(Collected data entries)
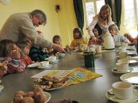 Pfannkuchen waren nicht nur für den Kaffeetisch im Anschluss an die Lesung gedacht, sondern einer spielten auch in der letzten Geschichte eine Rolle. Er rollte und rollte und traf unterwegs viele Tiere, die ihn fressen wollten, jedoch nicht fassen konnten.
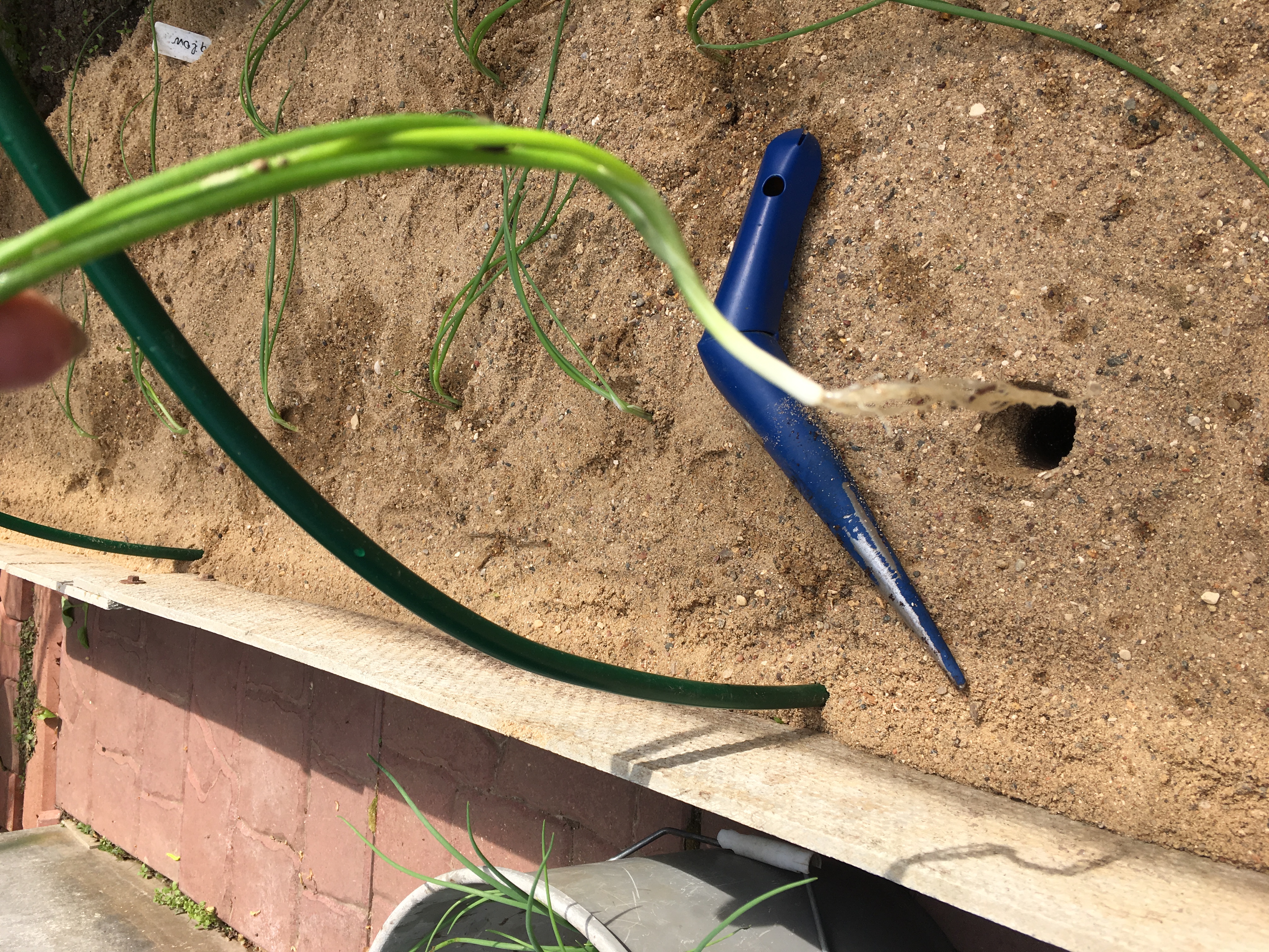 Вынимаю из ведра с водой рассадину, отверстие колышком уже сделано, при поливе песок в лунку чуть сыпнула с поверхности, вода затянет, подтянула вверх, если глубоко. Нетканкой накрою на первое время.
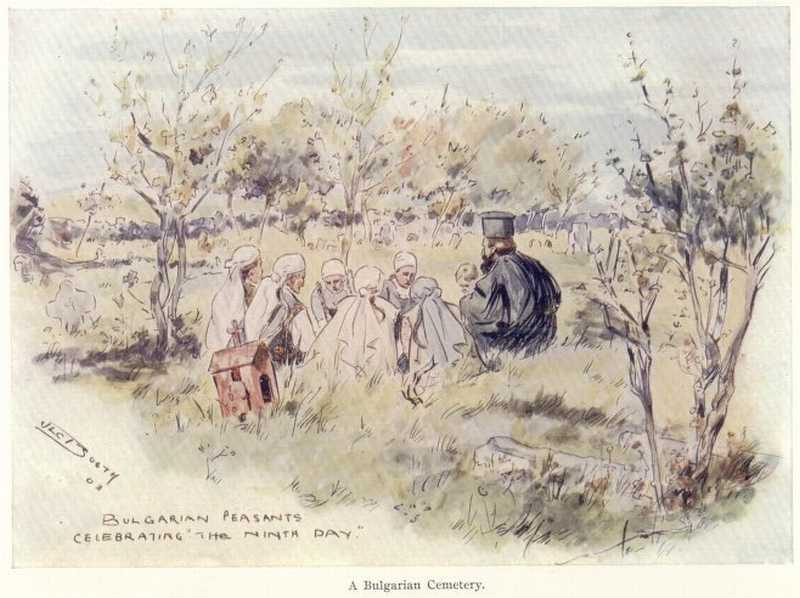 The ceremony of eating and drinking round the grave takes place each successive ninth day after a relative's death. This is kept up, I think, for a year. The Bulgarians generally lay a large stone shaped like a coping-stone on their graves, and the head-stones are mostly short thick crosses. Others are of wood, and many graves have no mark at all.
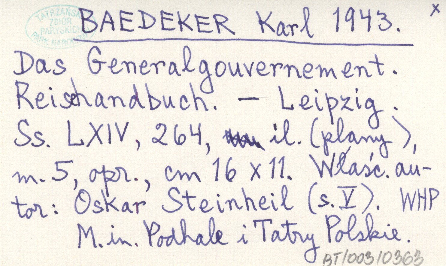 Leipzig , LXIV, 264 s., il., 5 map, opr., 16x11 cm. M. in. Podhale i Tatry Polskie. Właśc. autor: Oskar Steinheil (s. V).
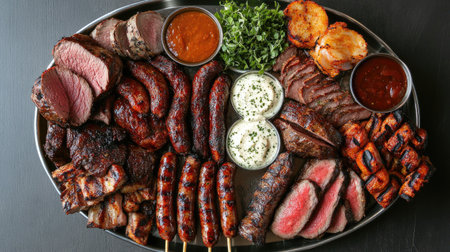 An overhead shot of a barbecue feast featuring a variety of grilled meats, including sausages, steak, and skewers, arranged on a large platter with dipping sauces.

**EXERCISE:** In the records above, find the line that contains "Leipzig , LXIV, 264". Print it and every later line exactly, omitting the pictures.

**RESPONSE TO THIS TASK:**
 Leipzig , LXIV, 264 s., il., 5 map, opr., 16x11 cm. M. in. Podhale i Tatry Polskie. Właśc. autor: Oskar Steinheil (s. V).
 An overhead shot of a barbecue feast featuring a variety of grilled meats, including sausages, steak, and skewers, arranged on a large platter with dipping sauces.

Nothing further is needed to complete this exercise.